WASHINGTON – The Trump administration’s call to eliminate the National Endowment for the Arts and the National Endowment for the Humanities in next year’s budget would mean the loss of just over $1.5 million in federal funds for Arizona.
While that number may appear small in a federal budget that’s in the trillions, arts advocates called it a short-sighted cut of a part of the budget where taxpayers “get a lot of bang for their buck with the small amount of funding they get from the NEA.”
Federal funds support hundreds of grants each year that allow for programs that are “income-generating as well as providing great programming for students, children, seniors and just the community at large,” said Beatrice Moore, director of Grand Avenue Arts and Preservation.
Supporters of the cuts don’t disagree that arts and culture are important, but they say it’s not the government’s place to be in the culture business. The government has better ways to spend the $295.9 million that went to those two agencies last year, they argue.
“We oppose corporate welfare, and we also oppose cultural welfare,” said Tom Jenney, state director for the Arizona chapter of Americans for Prosperity. “Government should not choose winners and losers in the business world, and it should not choose winners and losers in the arts and humanities.”
The administration provided few details in the outline of President Donald Trump’s fiscal 2018 budget released Thursday, except to identify the arts and humanities agencies as two of 19 independent agencies – including everything from the Corporation for Public Broadcasting to the U.S. Institute of Peace – that were being targeted for elimination.
In a message with the budget blueprint, the administration said its goal is to “move the nation toward fiscal responsibility.”
But support for the arts and culture is more than just a matter of “dollars and cents,” one advocate said.
“Arts and humanities are not a luxury,” said Brenda Thomson, executive director of Arizona Humanities, the state’s affiliate organization for the NEH.
She said arts and culture identify who we are as a nation, at a cost of less than a dollar per person.
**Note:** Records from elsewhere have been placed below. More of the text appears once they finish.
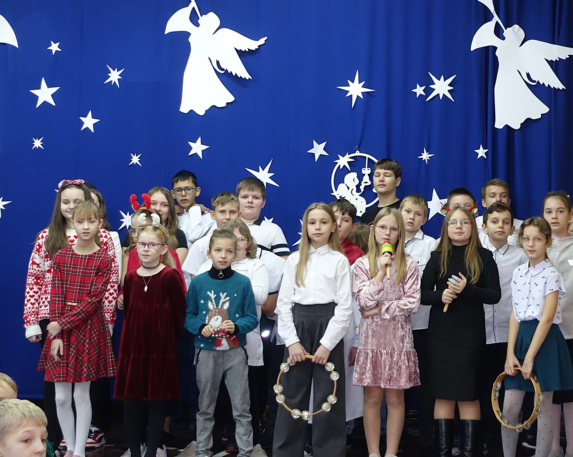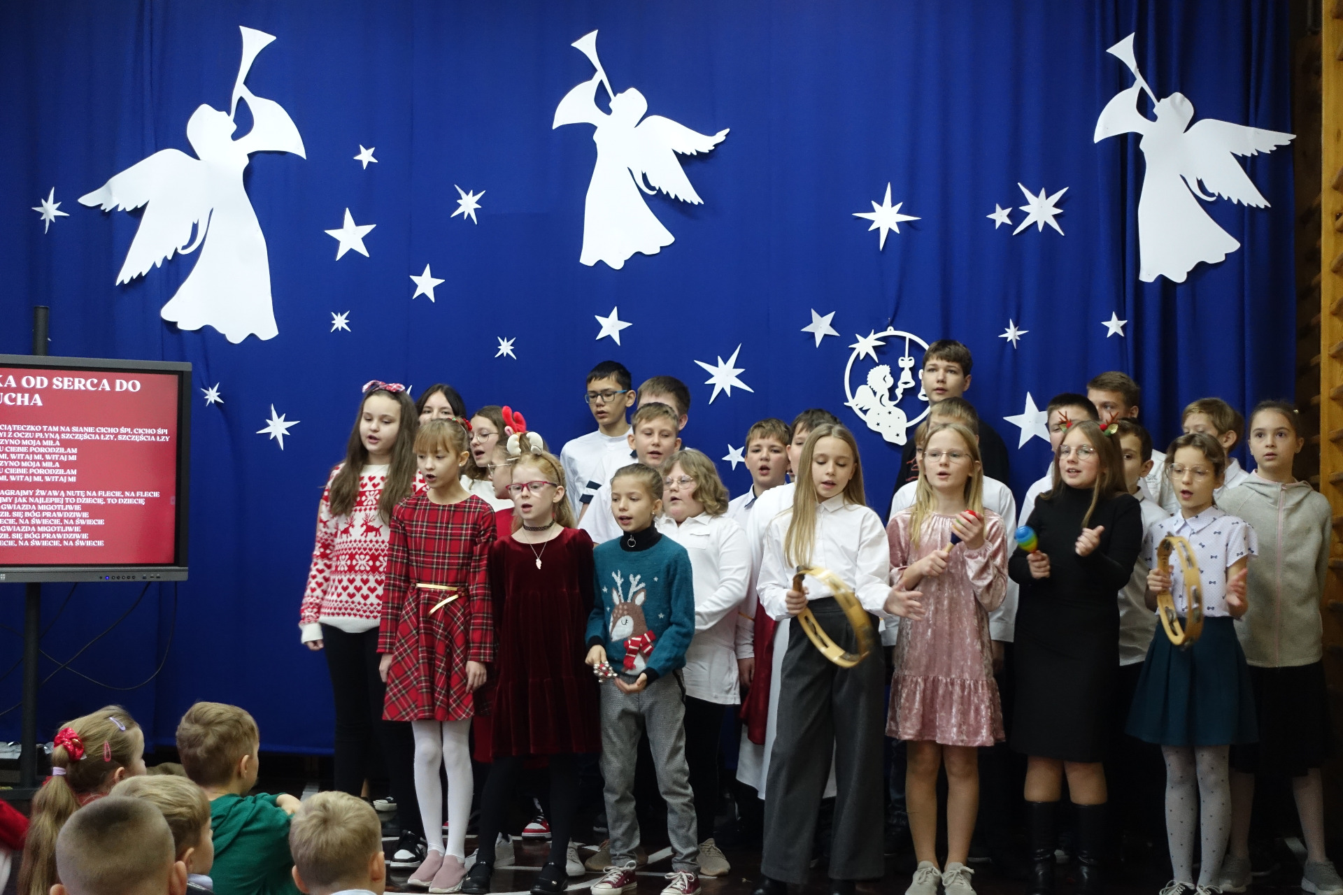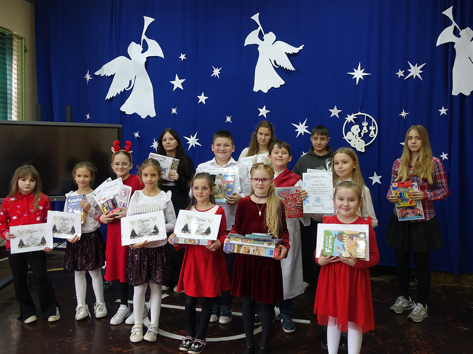 W dniu 20.12.2024 w naszej szkole przeżywaliśmy świętowanie Bożego Narodzenia. Klasy IV, V, VI przygotowały jasełka pt.: „Historia wnuka króla Melchiora”. Po jasełkach klasa V zatańczyła taniec z lampionami do piosenki „Noel” Katarzyny Cerekwickiej i TGD, następnie wspólnie kolędowaliśmy. Rozstrzygnięto konkursy: na najładniejszą szopkę bożonarodzeniową, na najładniejszą ozdobioną świątecznie klasę za co uczniowie otrzymali nagrody wręczone przez pana Dyrektora.
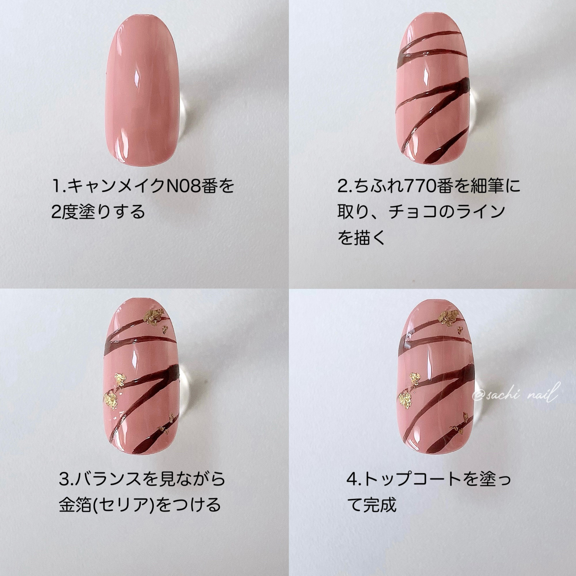 ワンカラーでも指ごとに色を変えるだけでオシャレに見えます💕 画像のようにゴールドラインとストーンを少し足すだけで華やかさがアップ🥰 何度かご紹介したことのあるスポンジで作るグラデーションです✨ スポンジを使うことで境目が綺麗に馴染んでくれます💕 アルミホイルの上でブラウンとトップコートを1:1くらいで混ぜたものを、トップコートのハケに取って3箇所に塗るだけ👌 事前に混ぜたものを塗ることで、爪の上でぼかすより簡単に出来ます💕 ベースカラーが乾く前に点置きしてぼかすことで綺麗にぼかせます✨ スピードが大事なので、使うポリッシュのキャップは全て開けておきましょう😊 天然石のラインはガタガタの方がより天然石っぽく見えるので、ラインを描くのが苦手な方でも大丈夫🙆♀️ 難しそうに見えて、やってみると意外と簡単に出来ます♡
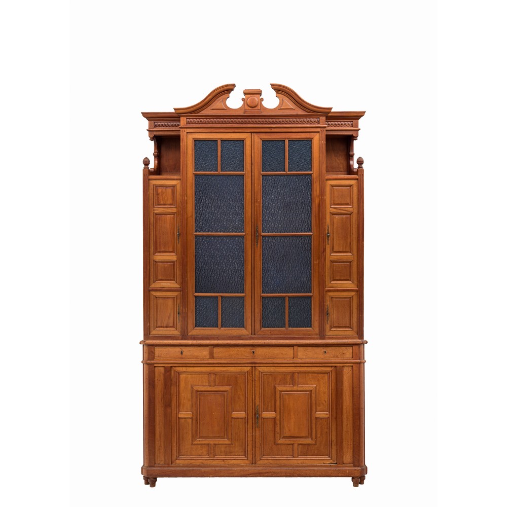 CREDENZA CON ALZATA in legno di ciliegio con due ante sottostanti, tre cassettini e quattro ante nella parte superiore. Francia XIX secolo.
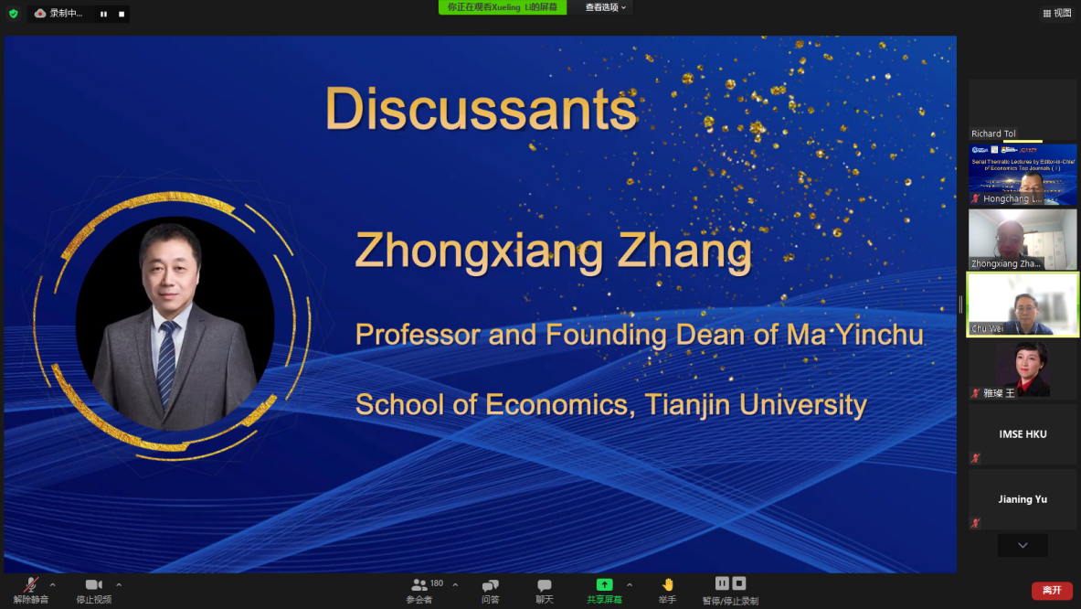 随后,天津大学马寅初经济学院创院院长张中祥教授、中国人民大学应用经济学院副院长魏楚教授分别进行了点评。张中祥教授认为,Richard S.J. Tol MAE教授同时考虑了气候与天气对经济活动的影响,得到了气候影响生产可能性、天气冲击有带来损失的潜在可能性这些重要洞见;同时,他运用随机前沿分析对1950至2014年间160个国家的样本数据进行了分析,给出了很有价值的结论。该文所做的稳健性检验深入细致,不过,模型本身可能存在内生性问题,可能需要进一步考虑其它变量;对极端天气有助于减少非效率这样重要的研究发现也需要更令人信服的解释。另外,在如此长时间跨度里,需考虑国家的贫富状态发生变化将如何影响既有分析。张教授最后与Tol教授讨论了如何解决全球应对气候变化在收益成本框架下,不同发展水平的国家因为不同碳社会成本从而对气候变化影响重视程度和应对力度不同这一最棘手的问题。

Cutting those funds could result in the loss of programs and events that people want, Thomson said.
“If 350 people show up to a talk, it shows you they care about the kind of things we offer,” she said.
Barbara Hatch is the founder of the Veteran Heritage Project, which helps capture the history of vets as well as providing them with a positive outlet to speak of their time in the military. Hers was one of the organizations that won a grant from Thomson’s group.
Hatch said she will “vociferously oppose” any proposal that could threaten the humanities in the nation. She pleaded with government leaders to have sympathy, and said that doing away with that type of assistance would be a “disservice.”
“I’m begging our leaders, whoever are the ones that get the final say on this,” Hatch said. “Don’t rob us of our soul, please do not rob us of our soul.”
For her part, Moore called the cuts a “vindictive” act by a president who has been criticized by many artists. She and Hatch said they do not think administration officials understand the importance of arts and culture funding.
Despite the administration’s outlook, Thomson said advocates are prepared to fight to stop the cuts, and she remains optimistic that her organization will remain intact with the help of others.
“We have weathered storms before and are friends are far and wide,” Thomson said.